What is needed is every line of the data that includes the word "Blood". Please copy each one.

• _Data records_:
= Beginning of Section =

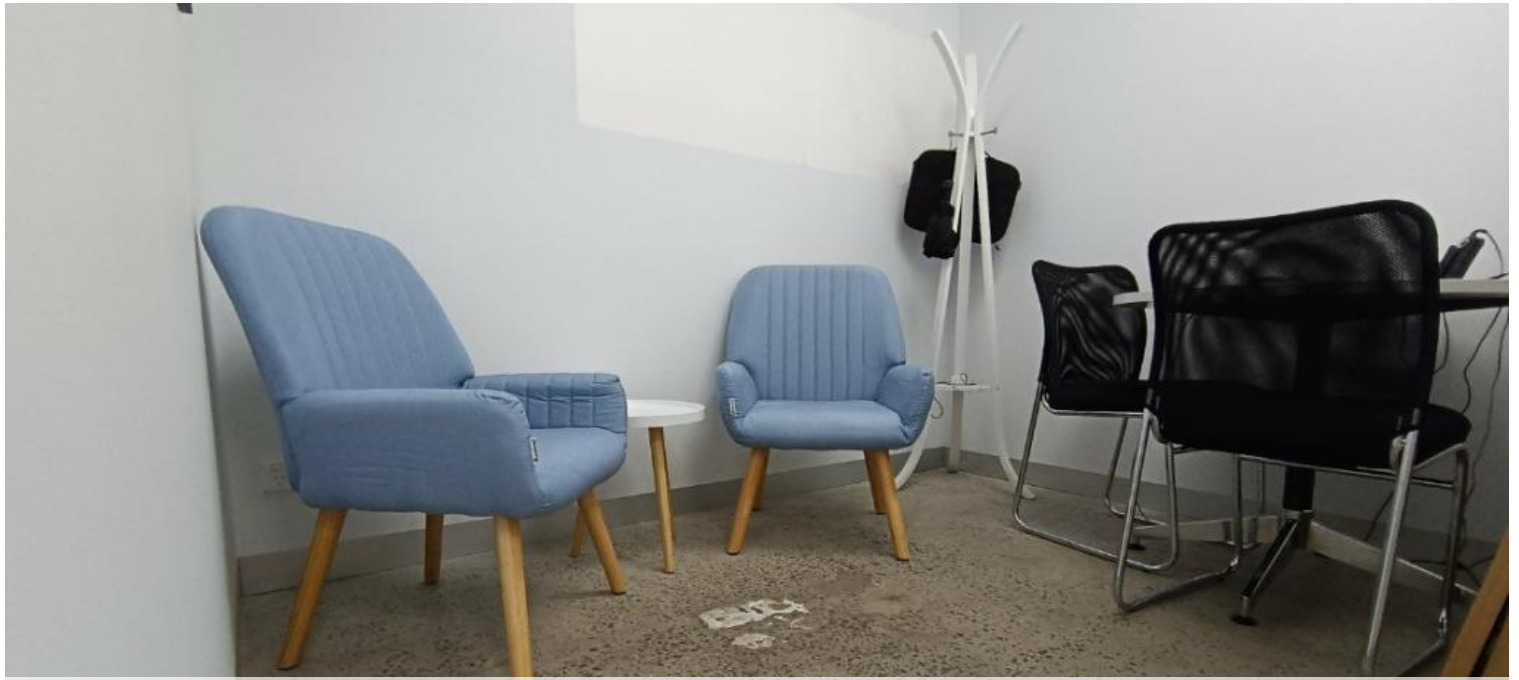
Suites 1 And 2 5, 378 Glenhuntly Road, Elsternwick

= End of Section =
= Beginning of Section =

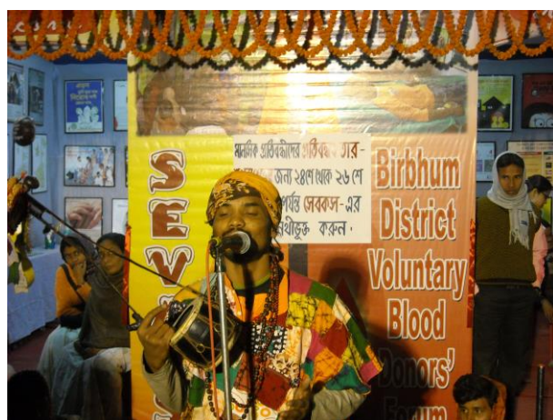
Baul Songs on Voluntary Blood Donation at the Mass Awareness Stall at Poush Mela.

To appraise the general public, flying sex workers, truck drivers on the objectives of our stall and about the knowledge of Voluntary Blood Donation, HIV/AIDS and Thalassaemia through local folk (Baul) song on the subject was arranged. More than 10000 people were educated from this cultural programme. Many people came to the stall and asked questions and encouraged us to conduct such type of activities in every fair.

= End of Section =

• _Output of the task_:
Baul Songs on Voluntary Blood Donation at the Mass Awareness Stall at Poush Mela.
To appraise the general public, flying sex workers, truck drivers on the objectives of our stall and about the knowledge of Voluntary Blood Donation, HIV/AIDS and Thalassaemia through local folk (Baul) song on the subject was arranged. More than 10000 people were educated from this cultural programme. Many people came to the stall and asked questions and encouraged us to conduct such type of activities in every fair.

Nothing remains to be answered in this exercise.